France: As millions protest government attacks, unions signal retreat on “First Job Contract”

By Rick Kelly and Barry Grey
5 April 2006

An estimated 2 to 3 million striking workers and students demonstrated throughout France yesterday against the Gaullist government’s “First Job Contract” (CPE) legislation, matching the turnout at a similar day of action on March 28.

Tuesday’s strikes and protests followed President Jacques Chirac’s announcement last Friday that he had officially ratified the CPE, which permits employers to dismiss young workers without cause during their first two years of employment.

Chirac said he would delay the enforcement of the law and support certain amendments to soften its impact, but he rejected out of hand the basic demand of millions of students, youth and workers who have been demonstrating and striking for more than a month to demand the withdrawal of the measure.

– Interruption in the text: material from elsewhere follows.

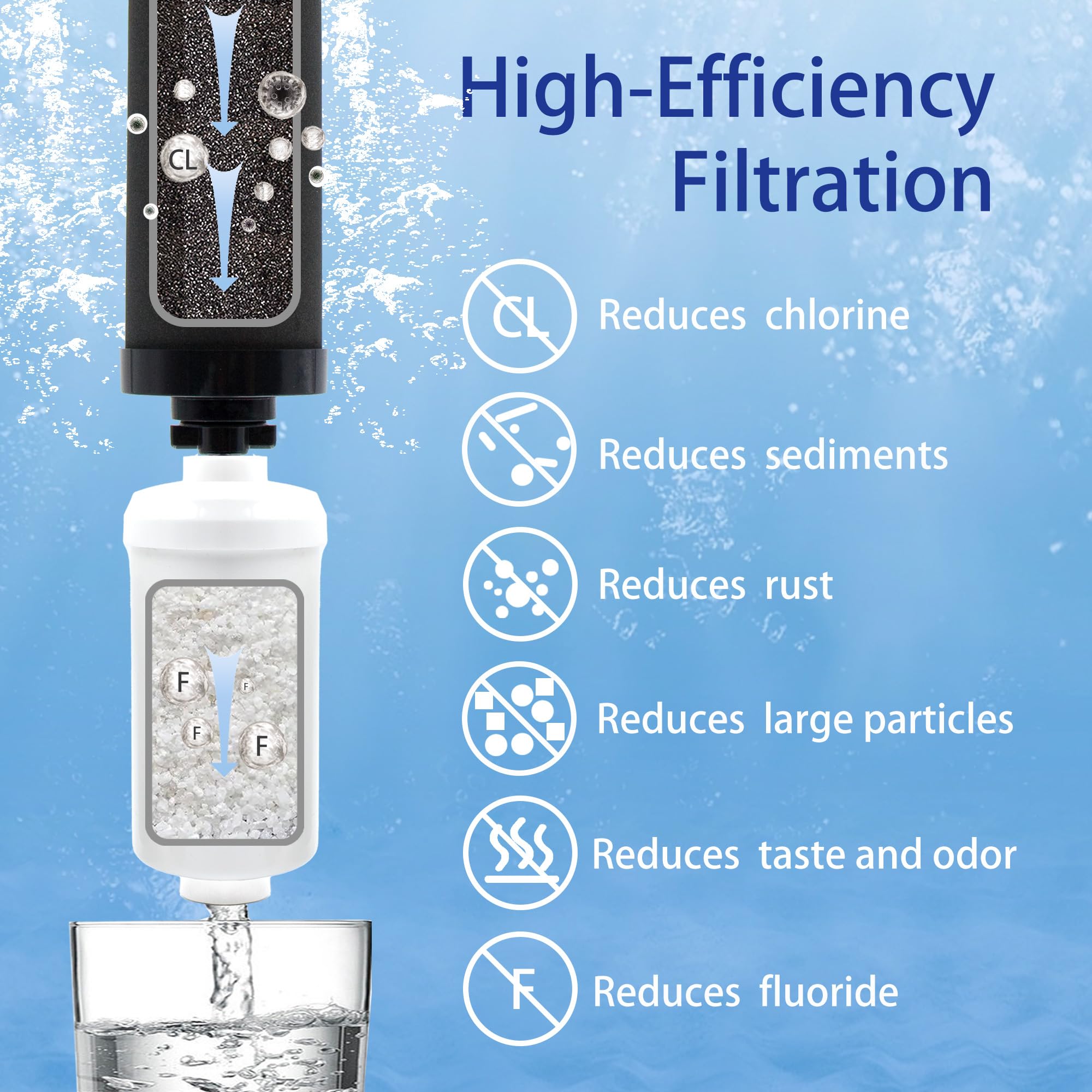 【High-Efficiency Purification】: Renami Black carbon filters are made of Coconut Shell Activated Carbon, and the upgraded White fluoride filters use a natural mineral synthesis material Carbonate Apatite as the filter medium. Efficient absorption of 99% residual chlorine and fluoride, effective filtration of various impurities, such as sand, rust, sediment, bad taste.

The wave of protests, combined with opinion polls showing overwhelming opposition to the CPE and plummeting support for both Chirac and Prime Minister Dominique de Villepin, reflect the deeply held and broadly felt conviction that implementation of the measure will open the floodgates for the imposition of “American-style” market policies and the destruction of workers’ rights and social conditions.

In the face of the ongoing mass resistance and the obvious isolation and crisis of the government, union leaders on Tuesday backtracked from their previous public stance ruling out talks with government representatives until Chirac and Villepin agreed to withdraw the CPE. Leaders of five major unions, including the Communist Party-linked General Confederation of Labour (CGT), agreed to meet Wednesday with government ministers and parliamentary leaders of the Gaullist party, the Union for a Popular Movement (UMP).

This is a clear sign that the unions, backed by the official “left” parties—the Communist Party and the Socialist Party—are looking to dissipate the protest movement and work out a “compromise” within the framework of the CPE.

François Hollande, the head of the Socialist Party, stated openly the aim of these forces to bring the mass resistance to an end. “I’m hoping that we can get this conflict, which has lasted too long, over with, that this will be the last demonstration,” he said on Tuesday.

The struggle against the policies of the government has revealed an essential political truth: the main obstacle to defeating the attacks on social conditions and democratic rights is not the inherent strength of the government or the capitalist political establishment, but rather the cowardice and treachery of the old labour bureaucracies.

The conclusion that must be drawn is the need to break with these organizations and their nationalist and reformist perspective and build a new leadership in the working class based on a revolutionary socialist and internationalist program.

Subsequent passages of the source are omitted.